Tokens are money and tokens are wasted
in very predictable ways. Long system
prompts repeated on every request,
retrieving too many chunks, passing
entire documents instead of small
sections, verbose answers when short
ones would do. This is where token
discipline matters. You cut token cost
by being intentional, short reusable
system prompts, lower top K retrieval,
re-rankers instead of more context,
clear instructions to answer concisely,
strict grounding so the model doesn't
ramble. AWS loves the phrase token
budgeting. Now let's talk about one of
the cheapest wins in the entire exam.
Caching. Caching means you don't
recomputee the same thing twice and
Genai systems repeat themselves
constantly. You can cache embeddings
almost always. Rag retrieval results.
Final answers for common questions. Tool
call results in agents. Anywhere the
same input produces the same output.
Caching saves money. Picture this. Users
constantly ask, "What is the expense
policy?" That policy changes maybe twice
a year. Without caching, you pay for
retrieval and generation every time.
With caching, you answer once and reuse
it. That's massive savings. If the exam
mentions frequently asked questions,
repeated queries, static documents, your
brain should immediately say, "Cash it."
Next is batching, which is incredibly
powerful, but only in the right place.
Batching means processing many items in
one call instead of many small calls. It
shines in offline and high volume
scenarios, generating embeddings for
thousands of documents, daily
summarization jobs, bulk document
processing. This is where batching
slashes cost. But batching is not for
everything. You do not batch real-time
chat. You do not batch interactive
agents. You do not batch low latency
workflows. AWS will penalize you if you
suggest batching where users expect
instant responses. Rag systems deserve
special attention here. Most rag cost
problems come from bad retrieval. Top K
too high. No metadata filters.
Re-mbedding unchanged documents.
Rerunning the same searches again and
again. The fixes are retrieval fixes,
not model fixes. Embed once and reuse.
Filter aggressively. Cache retrieval
results. Tune chunking and overlap.
Better retrieval means fewer tokens and
fewer retries. That's real cost control.
Agents are their own cost problem.
Agents are expensive by default because
they take many steps, call many tools
and generate long traces. But the
correct response is not avoid agents.
The correct response is optimize agents.
You control agent cost by capping
maximum steps, caching tool results,
using smaller models for planning, and
escalating to larger models only when
necessary. AWS rewards this thinking. At
the heart of day 23 is one question.
What is the cheapest architecture that
still meets requirements? Not the
cheapest possible, not the most accurate
possible, the right balance. That is
senior engineering. Let's call out the
classic exam traps. Fine-tuning does not
automatically reduce cost.
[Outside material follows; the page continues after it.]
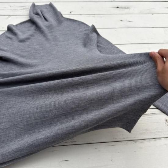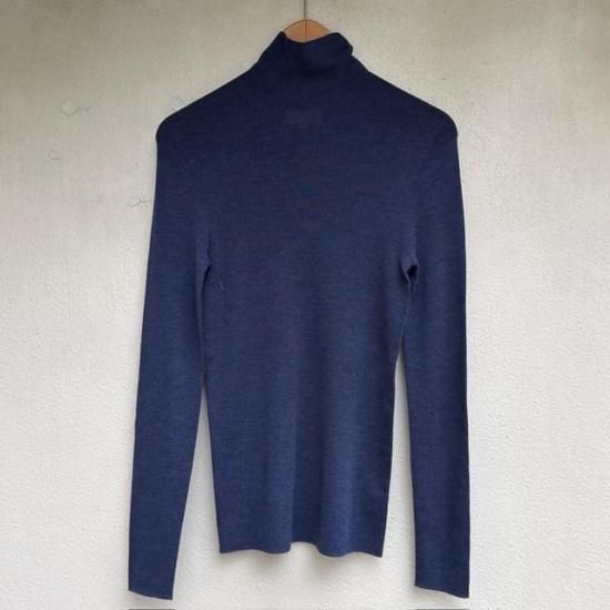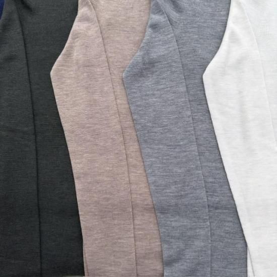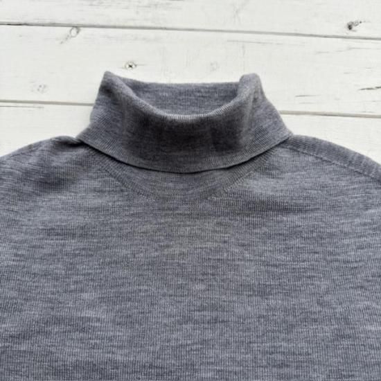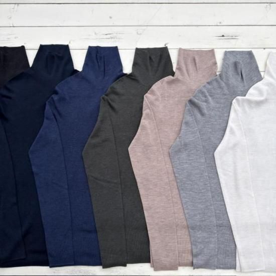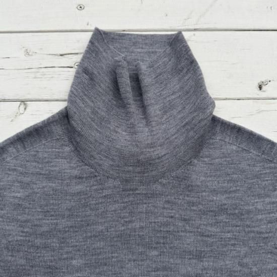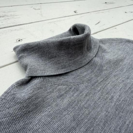 高級なメリノウールを使って編み立てられたタートルネックニットとなります。この2025年シーズンはメランジ糸を使っているので、カラー毎の絶妙な霜降り感を味わってください。細かいリブ編みは、メリノウールと共に豊かな伸縮性をもたらしてくれ、それはそのまま極上の着心地へと繋がります。そんな編み機は勿論”ホールガーメント機”となり、18Lというかなり細い編み地を編み立てられる機械を使用しております。インナー寄りなタートルネックですが、そのまま1枚着で活動しても問題の無い上品さを持ち合わせます。ジャケットのインナー使いだけではなく、あらゆるアウターやシャツのインナーとして使っていただけると思います。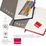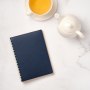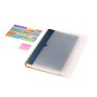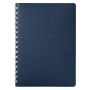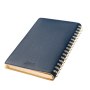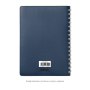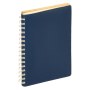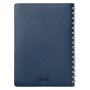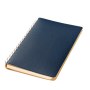 Недатированный ежедневник в гибкой обложке со скругленными уголками из искусственной кожи. Обложка выполнена из сшивки двух материалов. Внешний материал обложки – матовый, с некрупным рельефом под натуральную кожу. Цвет – синий, насыщенный, динамичный, однородный. Внутренний материал обложки – Latte – бархатистый, мелкозернистый, однородного бежевого цвета. По периметру обложки выполнена прошивка в тон. Форзац и нахзац контрастные, бежевого цвета. Теплые кремовые страницы со скругленными уголками выполнены из гладкого шелковистого офсета. Срез матовый, в тон страниц. Ежедневник надежно скреплен полускрытой пружиной в цвет внутреннего материала обложки. Изделие комплектуется вкладышем с цветными стикерами и индивидуальной упаковкой.

One model for
everything is lazy and expensive.
Caching blindly creates staleness.
Batching real-time chat is wrong. Every
optimization is contextual. AWS wants
thoughtful trade-offs. If you remember
one decision tree, remember this. First,
can I use a smaller model? Second, can I
reduce tokens? Third, can I cache
results? Fourth, can I batch requests?
Fifth, can I reduce agent steps? That
sequence solves most cost questions.
Here is the one sentence to lock this
entire day into memory. Cost is
controlled by model choice, token
discipline, caching, and batching in
that order. Say it once. Day 23 sticks.
Final self- test. An internal rag system
answers the same policy questions
repeatedly and costs keep rising. What's
the best optimization? Cash grounded
responses and reduce repeated retrieval.
That's day 23 mastered.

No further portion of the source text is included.